If you've read my book, and like it, and are a person who makes it a habit to write amazon reviews, I wouldn't at all object if you wanted to write one for this little volume. Thank you.




Monday, June 19, 2017

We Girls Can Do Anything Right Barbie?


When I was a child in the eighties, there was a year or two when the TV ad with this tagline played constantly. I didn't think much of it at the time -- it just washed over me and lodged in my brain the same way thousands of other jingles and slogans did. But somehow, in adulthood, it has surfaced as the number-one best example I can think of to illustrate so many things about that moment in time: first and foremost the outrageous capitalist co-opting of feminism ("you've come a long way baby" ain't got nothing on this Barbie ad, imho); then, adding insult to injury, the fact that the "anything" "we girls" can do seems to consist of being a secretary, an aerobics instructor, or a southern belle; the unremitting whiteness and blondness -- not only of these particular humanoid figures, nor even of the Barbie franchise in general, but of the entire cultural construct of femininity, beauty, and even power; not to mention all the things it's easy to take pot-shots at Barbie for: the vapid faces, the boobs.

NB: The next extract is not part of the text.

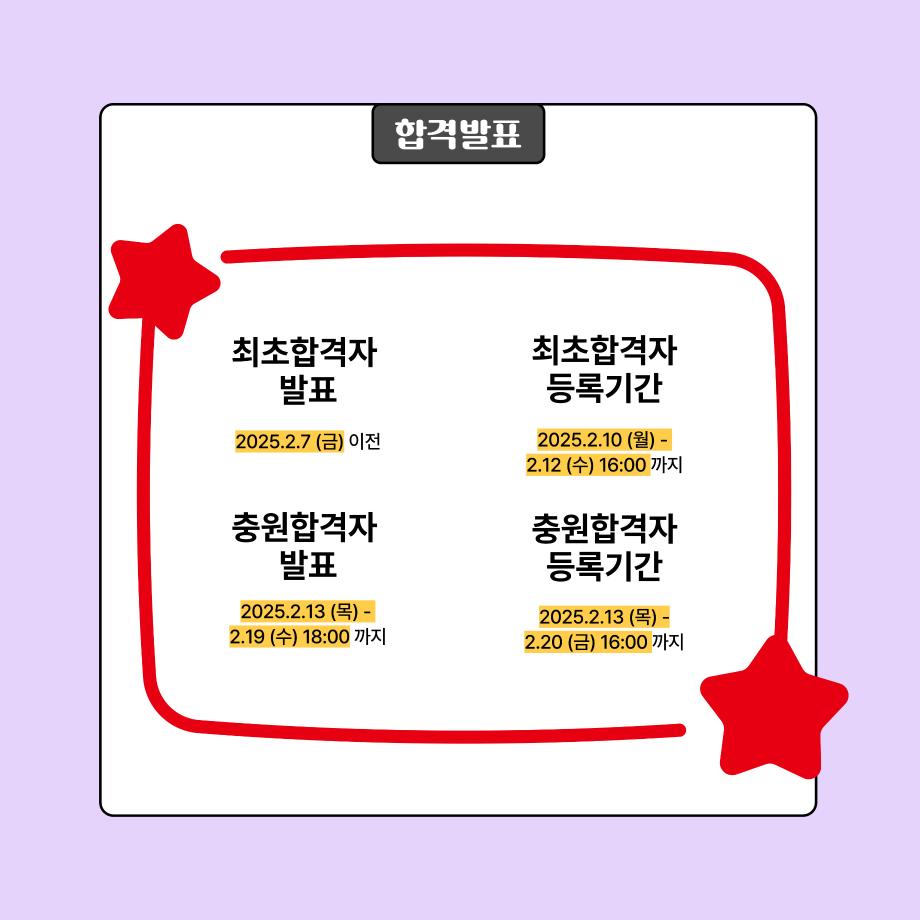 합격 : 25.02.13(목) ~ 25.02.19(수) 18:00까지

This is actually the second time I've drawn this. The first time I didn't feel like I captured the ways in which this particular image epitomized a prominent cultural thread from the era of my own girlhood, or my own feelings about it. So I tried again. Still not sure if we're there yet, though.

Friday, June 16, 2017

Michelle Benoit

 

Artist Michelle Benoit calls these luminous constructions of lucite, paint, and wood "Painting Objects" and they are exactly the sort of work that sears itself into my eyeballs and my soul. Which I mean in a pleasurable way, mind you. Longtime readers of this site will know I'm a sucker for any sort of glowing fields of clear or bright colors in art. And Benoit's work take that construct to an astonishing new place. Like pure light and color have been made solid, then decided to hang out with the occasional thin slice of pale wood. Like only a magician or an alchemist could have made them. First brought to my attention by Design Crush.